Magpie Hoard

Thoughts on compressing Matrix

A not-entirely-invalid criticism frequently levelled at Matrix is that it's fairly inefficient, due to a combination of using HTTP, using long polling (sometimes misidentified as normal polling), using JSON, and having a rather verbose schema. Seldom is the fact that it triggers CORS preflights if used in a browser (unless you stick auth tokens in the querystring) mentioned, but there's that, too.

This is more because nobody's done the work to shrink it than because of any inherent limits.

Without considering the federation protocol, or changes that require altering what protocol the client thinks it's speaking (ie, can be done in a pair of proxies, one forward and one reverse), there's quite a bit of scope for trimming. I'm also not considering filters here, though a client which wished to minimise bandwidth at the cost of functionality could request the server send it much less data.

Websockets

First up, use websocket. There's already a draft spec (original, revised) for doing this, so some of the thinking could at least be reused if not implementations.

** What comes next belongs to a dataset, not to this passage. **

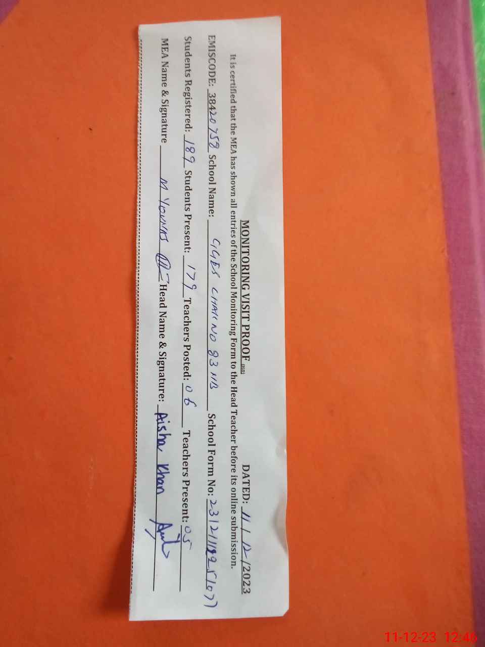 | Certified that this School was Inspected by the Undersigned MEA/DMO Today and the Information Stated Above is as Per Record. | |||||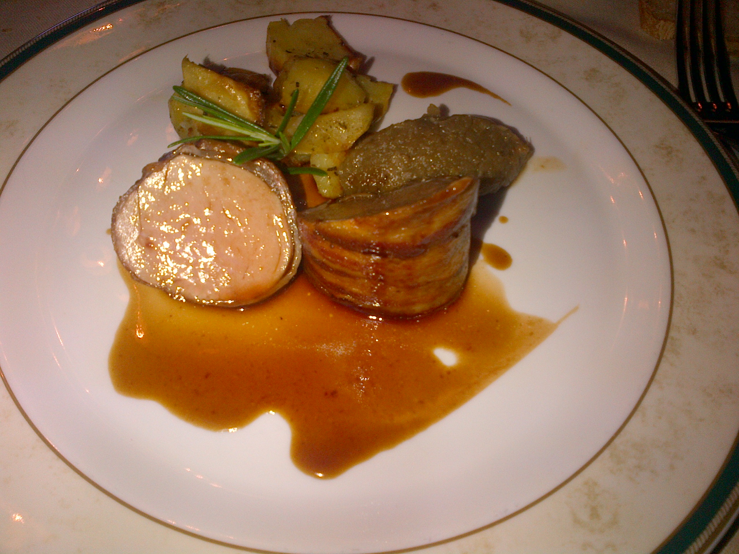 For my main course, I went for it all and got the pancetta arrosto, a roasted pork belly rolled with peppercorns in a Brunello au jus (Below).

According to Firefox, a typical turn of the polling loop is a 416 byte OPTIONS request, then around 650 bytes of actual (long) poll, figures which appear to include the compression given by HPACK for headers, and gzip for bodies. Whether it counts the HTTP/2 framing I don't know, but either way, using websocket would save the entirety of that OPTIONS request (which also saves a RTT), and also sending sync tokens back to the server once the connection is working.

CBOR

This actually saves approximately nothing on its own! The exception is if you're sending lots of binary data around, which admittedly you might be in Matrix-land, on account of the end to end encryption facility. If you are, then those blobs don't expand by 4/3 from the base64 encoding.

After that, you need to do tricks with replacing constant strings with integers and the like; fortunately CBOR is suited to doing that to JSON-oriented schemas: property keys can be numbers, and the "tag" mechanism1 allows labelling items whose literalness varies from the expected. This needs more negotiation if static tables are used, but those tables will seldom change compared to how often connections are established.

Here's a simple static approach: The two sides negotiate a shared list of strings, then any integers seen as keys in a CBOR object are indices into that list, while any integer values tagged with a particular tag are likewise (a schema-aware design would be able to omit a lot of these tags).

Compression

HTTP and Websocket both have provision for gzipping payloads, and Websocket provision for maintaining the compression context across messages. However, EXI points out that sometimes gains can be had by separating out the structure and content of a document prior to compression. WBXML has a related trick of moving all string literals to the top of the document, and only having pointers inline.

I don't know how effective this would be, but an avenue for research would be to try such tricks. To wit, arrange for the encoder to separate items such as strings and encrypted blobs out from the CBOR-encoded document. Left behind is a placeholder in the form of a tagged integer, specifying in which buffer the item got placed. Then the buffers, and the original document, can be compressed using separate contexts.

Here's an example. Suppose our document is:

{
"type": "m.room.message",
"sender": "@kythyria:berigora.net",
"content": {
"msgtype": "m.text",
"body": "Is htop's memory readouts in kilobytes?"
},
"event_id": "$156134019913rdlXW:berigora.net",
"origin_server_ts": 1561340199096,
"unsigned": {
"age": 620,
"transaction_id": "m1561340197706.0"
},
"room_id": "!CbWGSqXrUpGnRUglfe:matrix.org"
}

We might create two extra buffers, thusly:

Buffer 0:

{
"type": "m.room.message",
"sender": buffer(1),
"content": {
"msgtype": "m.text",
"body": buffer(2)
},
"event_id": buffer(1),
"origin_server_ts": 1561340199096,
"unsigned": {
"age": 620,
"transaction_id": "m1561340197706.0"
},
"room_id": buffer(1)
}

Buffer 1:

[
"@kythyria:berigora.net",
"$156134019913rdlXW:berigora.net",
"!CbWGSqXrUpGnRUglfe:matrix.org"
]

Buffer 2:

[
"Is htop's memory readouts in kilobytes?"
]

Buffer 0 can be further reduced by interning tricks, if we want to, or just assume gzip will do adequately in that regard. Or even use a more effective compressor, since we're no longer using the one built in to the websocket implementation. It would probably also be worth having a buffer for uncompressed binary blobs, since the biggest source of those is currently E2EE, which by definition makes random-looking and thus uncompressible data.

Whether it's worth moving ALL values out of buffer 0, leaving only arrays, objects, and keys, I'm not sure. It would need investigation on top of determining if this approach is worth it at all. On the one hand, more bytes. On the other hand, longer identical runs of bytes.


  1. Tags are wrapped around another value, modifying its meaning. On the wire, they're simply prefixes, while in pseudo-JSON they're written similarly to a function application: tag_93(10). The name used may be symbolic rather than referring to the actual integer.